Em Santana da Carnota, António Gomes, hoje com 74 anos, tinha-se casado há uma semana quando as cheias aconteceram. Aquela foi uma das localidades mais crucificadas com a intempérie com a ribeira de Santana a galgar e a fazer muitos estragos e vítimas, nomeadamente dois mortos. António Gomes diz que o cenário era de tal maneira que até dava para passar um barco no meio da estrada. Na altura não se faziam limpezas no rio, que subiu cerca de um metro e meio. “As pessoas ficaram sem nada”. Também nesta pequena localidade à semelhança do resto do concelho a palavra solidariedade fez-se sentir – “As pessoas do alto de Santana vieram ajudar as da zona baixa, nomeadamente, a minha mulher que era uma esposa de oito dias. O comércio de Santana ficou todo destruído, e no meu caso que já tinha a loja mas de mercearias, durante mais de oito dias andaram por aqui a ajudar a limpar e a lavar o que existia”. Também recebeu ajudas. “Chegaram a dizer que tínhamos sido contemplados com o totocheia, mas isso não passou de conversa de café”.
Os bombeiros só chegaram a Santana passados uns dias, “porque Alenquer estava pior do que nós e nas Quintas tinha morrido muita gente”. Não havia telefones e Santana ficou isolada durante vários dias. António Gomes é com emoção que se recorda do esforço que um vizinho fez para chegar a pé até Torres Vedras e daí até à Silveira já à boleia para avisar a família do comerciante, oriunda daquela zona, do que se estava a passar na localidade e no concelho de Alenquer. “Foi daqui de noite para nos conseguir ajudar porque não havia telemóveis como hoje”. Depois da tragédia “agarrámos na loja e com a ajuda dos amigos fomos para a frente com coragem”. Para trás ficaram os dias negros, em que até “fardos de bacalhau acabados de chegar de Lisboa foram nas cheias”, refere ao lembrar-se dos prejuízos.

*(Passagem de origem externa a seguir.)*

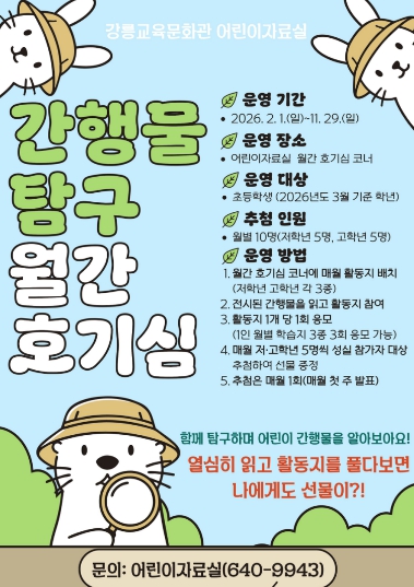![]() 강릉교육문화관, 어린이 간행물 탐구 ‘월간 호기심’ 운영 |

Quintas para sempre ficou como a aldeia mártir
Na localidade de Quintas, freguesia de Castanheira do Ribatejo, foi onde a tragédia causou um maior número de mortes, mais de 60 e no total da freguesia 83, mas há relatos que falam em 90 mortos. Ainda hoje esta aldeia vive sob o espectro do que aconteceu há 50 anos, sem que a população se tivesse refeito completamente do que aconteceu. Nas cheias ficaram familiares, amigos e conhecidos. Ainda hoje esta povoação se sente um pouco à margem na região e os populares acreditam que pouco se tem feito na questão do ordenamento do território para que uma tragédia destas não volte a acontecer.

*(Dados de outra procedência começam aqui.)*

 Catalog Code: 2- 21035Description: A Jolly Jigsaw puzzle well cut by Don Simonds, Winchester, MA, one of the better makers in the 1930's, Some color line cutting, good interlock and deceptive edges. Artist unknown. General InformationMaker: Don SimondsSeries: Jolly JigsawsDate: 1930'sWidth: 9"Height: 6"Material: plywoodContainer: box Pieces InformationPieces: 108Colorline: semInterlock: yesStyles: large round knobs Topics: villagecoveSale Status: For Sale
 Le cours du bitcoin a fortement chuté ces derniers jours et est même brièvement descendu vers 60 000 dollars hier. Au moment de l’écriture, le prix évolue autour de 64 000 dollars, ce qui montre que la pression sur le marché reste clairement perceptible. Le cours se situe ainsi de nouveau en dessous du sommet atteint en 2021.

O casal António Macedo, e Maria José, ambos com 78 anos, têm uma história para contar. Porque no meio da tragédia, foi com alguma sorte que a sua mulher conseguiu sobreviver. Conta António Macedo que nessa noite teve de se ausentar da Castanheira para o norte do Ribatejo porque a mãe estava doente. A sogra conseguiu convencer a filha a ficar a dormir na sua casa, dado que ia ficar sozinha naquela noite. Não era hábito quando o marido se ausentava. E foi a primeira vez em cinco anos. A habitação da mãe de Maria José ficava num ponto mais alto de Quintas. Se tivesse permanecido naquela noite na sua casa não teria resistido à inundação. Ela e os seus dois filhos.

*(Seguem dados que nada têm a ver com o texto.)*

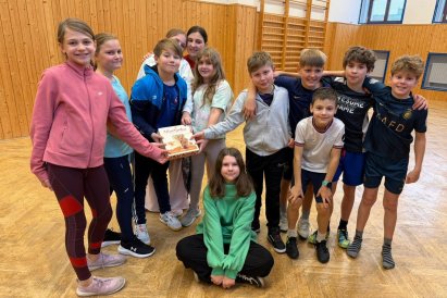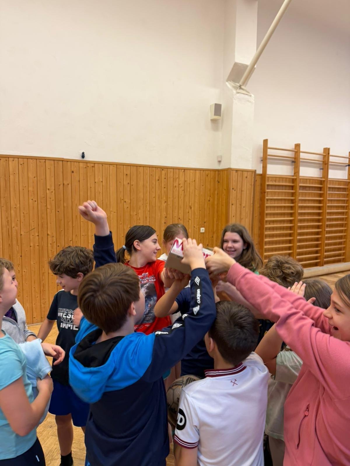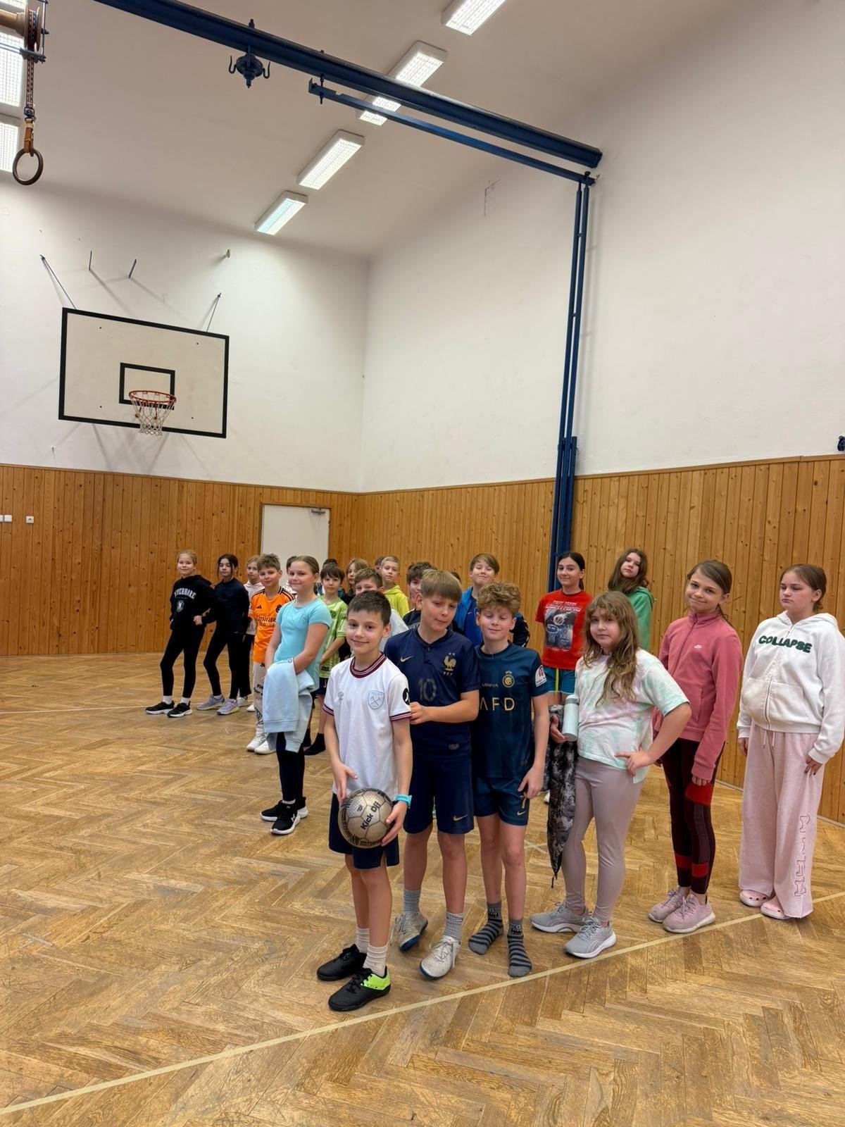 O den později jsme zažili sportovní den přímo v budově školy. Páťáci si v tělocvičně vybojovali putovní pohár z vybíjené, v hale se zúčastnili fotbalového turnaje pro II. stupeň (!!!zde získali nádherné třetí místo!!!) a někteří se zapojili do únikové hry připravené v dalších prostorách školy.

António Macedo ficou a saber do dilúvio no dia seguinte à tragédia, no Entroncamento, quando o ardina andava a distribuir os jornais. “Fiquei preocupado. Tentei perceber melhor o que se estava a passar, e a primeira povoação de que ouvi falar foi a dos Cadafais, junto a Quintas. Seis pessoas já tinham morrido ali. Quando cheguei cá encontrei tudo num pandemónio”. As autoridades encontravam-se à entrada da aldeia. A sua família estava bem, mas no Casal Pataco onde costumava ficar “moravam oito e ficaram cinco”. “Cá fora toda a gente chorava”, junta Maria José. A água criara uma espécie de barreira junto à Ponte da Couraça, devido ao entulho. Um muro com metro e meio de altura ao longo da estrada cedeu e a água inundou toda a várzea.
Na memória deste casal ainda estão os corpos estendidos nas estradas da povoação a serem lavados por uma agulheta. Eram às dezenas. Mas também houve casos incríveis de sobrevivência como o caso de uma senhora que foi aparecer ainda viva no cimo de uma laranjeira – “Nem ela se lembra como”, refere o morador. Casos houve em que os corpos das pessoas ficaram marcados no teto dada a força da lama e da água que as empurrou até ao cimo. “Isto dá uma ideia de como a água subiu cerca de dois a três metros”.
Na memória deste casal ainda estão os corpos estendidos nas estradas da povoação a serem lavados por uma agulheta. Eram às dezenas. Mas também houve casos incríveis de sobrevivência como o caso de uma senhora que foi aparecer ainda viva no cimo de uma laranjeira – “Nem ela se lembra como”, refere o morador. Casos houve em que os corpos das pessoas ficaram marcados no teto dada a força da lama e da água que as empurrou até ao cimo. “Isto dá uma ideia de como a água subiu cerca de dois a três metros”.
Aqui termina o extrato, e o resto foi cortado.